**WHAT YOU WILL DO**
From the first entry to the last, restate everything word for word and exclude pictures.
*** Block opens ***
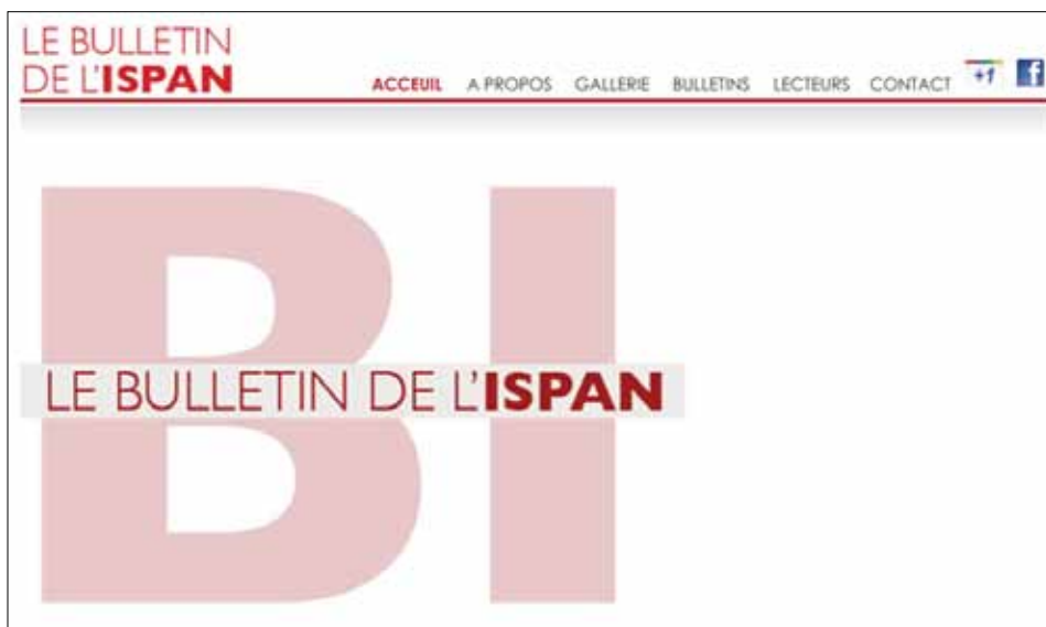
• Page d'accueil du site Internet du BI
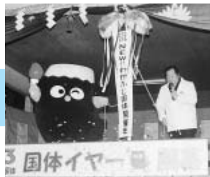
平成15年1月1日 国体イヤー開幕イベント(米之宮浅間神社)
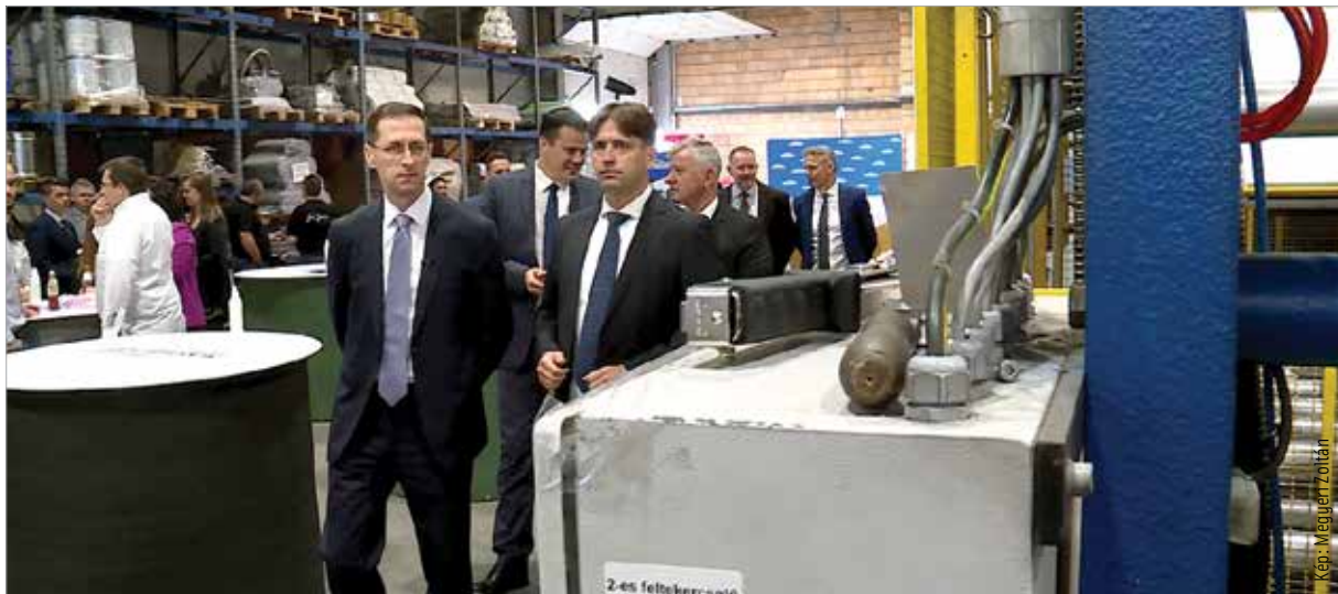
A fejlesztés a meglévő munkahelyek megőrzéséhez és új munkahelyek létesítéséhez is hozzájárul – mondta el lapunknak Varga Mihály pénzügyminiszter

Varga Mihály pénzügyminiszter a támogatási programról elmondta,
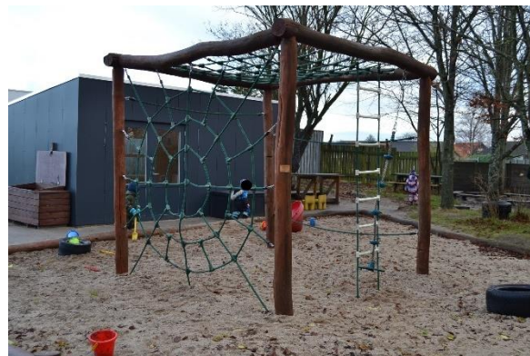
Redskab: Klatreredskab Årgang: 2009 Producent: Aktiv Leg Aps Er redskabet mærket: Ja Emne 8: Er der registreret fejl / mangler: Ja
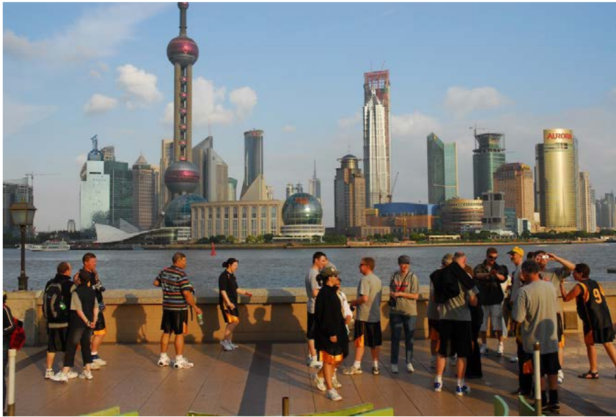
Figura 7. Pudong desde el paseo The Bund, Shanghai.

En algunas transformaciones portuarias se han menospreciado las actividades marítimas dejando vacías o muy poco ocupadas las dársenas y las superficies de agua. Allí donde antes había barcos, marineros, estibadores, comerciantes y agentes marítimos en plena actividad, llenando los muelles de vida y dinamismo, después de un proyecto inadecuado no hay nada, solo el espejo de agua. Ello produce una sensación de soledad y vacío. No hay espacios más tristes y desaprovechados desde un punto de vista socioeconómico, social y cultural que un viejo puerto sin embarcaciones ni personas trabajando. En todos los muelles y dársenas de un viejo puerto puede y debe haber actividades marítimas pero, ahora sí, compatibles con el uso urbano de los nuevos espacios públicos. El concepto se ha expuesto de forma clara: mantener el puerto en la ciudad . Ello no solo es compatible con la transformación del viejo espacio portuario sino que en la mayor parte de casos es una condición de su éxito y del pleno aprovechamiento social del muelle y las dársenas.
*** Block closes ***
**EXPECTED ANSWER**
• Page d'accueil du site Internet du BI
平成15年1月1日 国体イヤー開幕イベント(米之宮浅間神社)
A fejlesztés a meglévő munkahelyek megőrzéséhez és új munkahelyek létesítéséhez is hozzájárul – mondta el lapunknak Varga Mihály pénzügyminiszter

Varga Mihály pénzügyminiszter a támogatási programról elmondta,
Redskab: Klatreredskab Årgang: 2009 Producent: Aktiv Leg Aps Er redskabet mærket: Ja Emne 8: Er der registreret fejl / mangler: Ja
Figura 7. Pudong desde el paseo The Bund, Shanghai.

En algunas transformaciones portuarias se han menospreciado las actividades marítimas dejando vacías o muy poco ocupadas las dársenas y las superficies de agua. Allí donde antes había barcos, marineros, estibadores, comerciantes y agentes marítimos en plena actividad, llenando los muelles de vida y dinamismo, después de un proyecto inadecuado no hay nada, solo el espejo de agua. Ello produce una sensación de soledad y vacío. No hay espacios más tristes y desaprovechados desde un punto de vista socioeconómico, social y cultural que un viejo puerto sin embarcaciones ni personas trabajando. En todos los muelles y dársenas de un viejo puerto puede y debe haber actividades marítimas pero, ahora sí, compatibles con el uso urbano de los nuevos espacios públicos. El concepto se ha expuesto de forma clara: mantener el puerto en la ciudad . Ello no solo es compatible con la transformación del viejo espacio portuario sino que en la mayor parte de casos es una condición de su éxito y del pleno aprovechamiento social del muelle y las dársenas.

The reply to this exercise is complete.